Style <select> element based on selected <option>

Pure CSS Method:-

You can style it if you want to apply style if empty value selected using :valid selector like the following code

Display in Red If Selected value is Empty

select > option {
  color: black;
  font-weight:initial;
}
select option[value=""] {
  color: red;
  font-weight:bold;
}
select[required]:invalid {
  color: red;
  font-weight:bold;
}
<select required name="fontSize">
<option value="">Please select</option>
<option value="9">9 px</option>
<option value="10">10 px</option>
<option value="11">11 px</option>
<option value="12">12 px</option>
<option value="13">13 px</option>
<option value="14">14 px</option>
<option value="15">15 px</option>
<option value="16">16 px</option>
</select>
<select required name="fontColor">
<option value="">Please select</option>
<option value="red" selected>Red</option>
<option value="green">Green</option>
<option value="blue">Blue</option>
</select>

Unfortunately, yes - this is something not currently possible with only CSS. As mentioned in the answers and comments to this question, there is currently no way to make the parent element receive styling based on its children.

In order to do what you're wanting, you would essentially have to detect which of the children (<option>) is selected, and then style the parent accordingly.

You could, however, accomplish this with a very simple jQuery call, as follows:

HTML

<select>
  <option value="foo">Foo!</option>
  <option value="bar">Bar!</option>
</select>

jQuery

var $select = $('select');
$select.each(function() {
    $(this).addClass($(this).children(':selected').val());
}).on('change', function(ev) {
    $(this).attr('class', '').addClass($(this).children(':selected').val());
});

CSS

select, option { background: #fff; }
select.foo, option[value="foo"] { background: red; }
select.bar, option[value="bar"] { background: green; }

Here is a working jsFiddle.

Back to the question about the future of selectors. Yes - the "Subject" selectors are intended to do exactly what you mention. If/when they ever actually go live in modern browsers, you could adapt the above code to:

select { background: #fff; }
!select > option[value="foo"]:checked { background: red; }
!select > option[value="bar"]:checked { background: green; }

As a side-note, there is still debate about whether the ! should go before or after the subject. This is based on the programming standard of !something meaning "not something". As a result, the subject-based CSS might actually wind up looking like this instead:

select { background: #fff; }
select! > option[value="foo"]:checked { background: red; }
select! > option[value="bar"]:checked { background: green; }

Impossible? Hold my beer.

Make the select element aware of the current option. CSS can handle the rest. For this, all we need is a value assignment in the onchange event. With a little more effort you can also initialize the <select> tag by its original value; not included below but it's super easy, just give it a "data-chosen" property when composing the markup.
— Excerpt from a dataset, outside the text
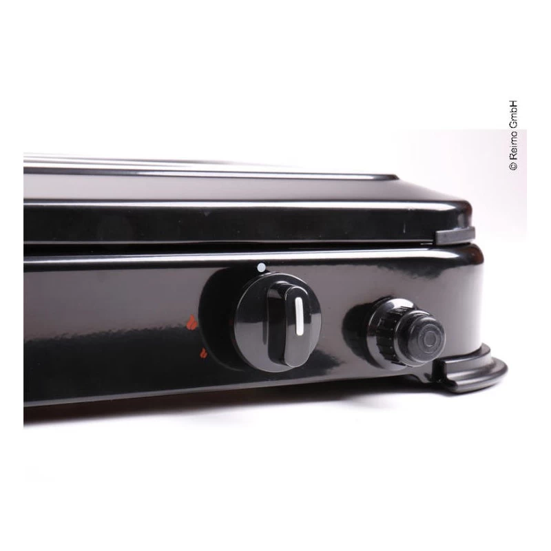 De coloris noir, il est Ă la fois très Ă©lĂ©gant et peu salissant. La sĂ©curitĂ© thermocouple est un système d’arrĂŞt du gaz automatique si aucun flamme n’est prĂ©sente : pas de danger et pas de gaspillage. Conçu surtout pour le plein air en camping-car ou le camping, le couvercle de rĂ©chaud fait office de paravent. En option, la marque propose des pare-flammes latĂ©raux (voir ici).

    <select onchange=" this.dataset.chosen = this.value; ">
        ...
        ...
    </select>

And now you can easily target & style it:

select[data-chosen='opt3'] { 
    border: 2px solid red;
}

See on CodePen.

Side note: "chosen" is no magic word, just a descriptive name - it could be "SantaClaus". It would also look better that way.
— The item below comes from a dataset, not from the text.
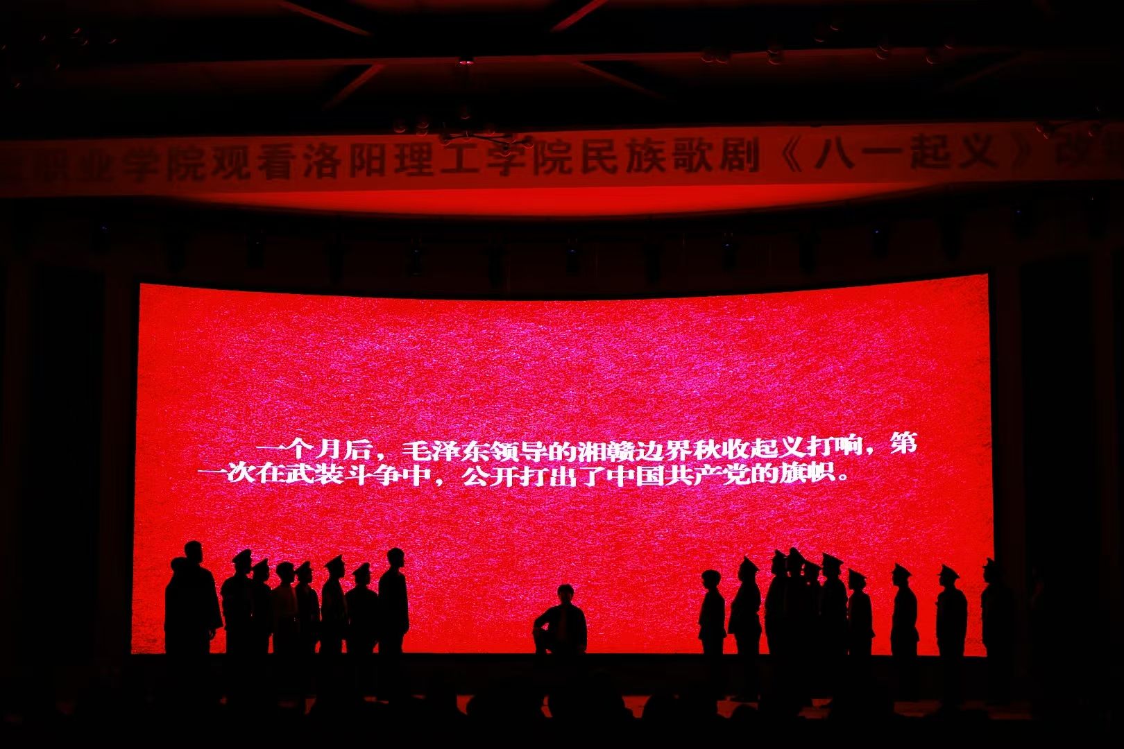 2024年12月2日,我院邱俊智博士歌剧剧组班演出的思政歌剧《八一起义》(本剧改编自江西省歌舞剧院原创民族歌剧《八一起义》)在河南物流职业学院精彩上演。河南物流职业技术学院校党委书记朱红恒、校纪委书记张晖、河南物流职业技术学院相关部门负责人、马克思主义学院全体教师及各班级、各社团学生代表共计500余人出席并观看了演出。演出过程中,观看演出的师生被演员们精湛的演艺深深吸引和感染,现场不时爆发出热烈的掌声。这次演出,既让同学们深受艺术感染,又让红色基因在同学们心中生根发芽,是推进新时代思政教育创新的有益尝试。演出取得了圆满成功。

So here is what I found on it being possible. The biggest issue is that after you have selected an element, the background color doesn't change because the select element isn't actually redrawn (seems more prevailant in IE - go figure). So even though you select a different option, that option isn't hightlighted in the list when you click the select element again.

To fix the redrawing issues in IE, it required changing the font-size by a minimal amount, +-.1. The other thing, which doesn't seem to be documented well, is that the pseudo class :checked does also work on select controls.

The fiddler to show the added css that makes it possible.

I only briefly played with it on Chrome and IE9, fyi.

EDIT: Obviously, you will need to set the [value="x"] to your desired value for specific option highlighting.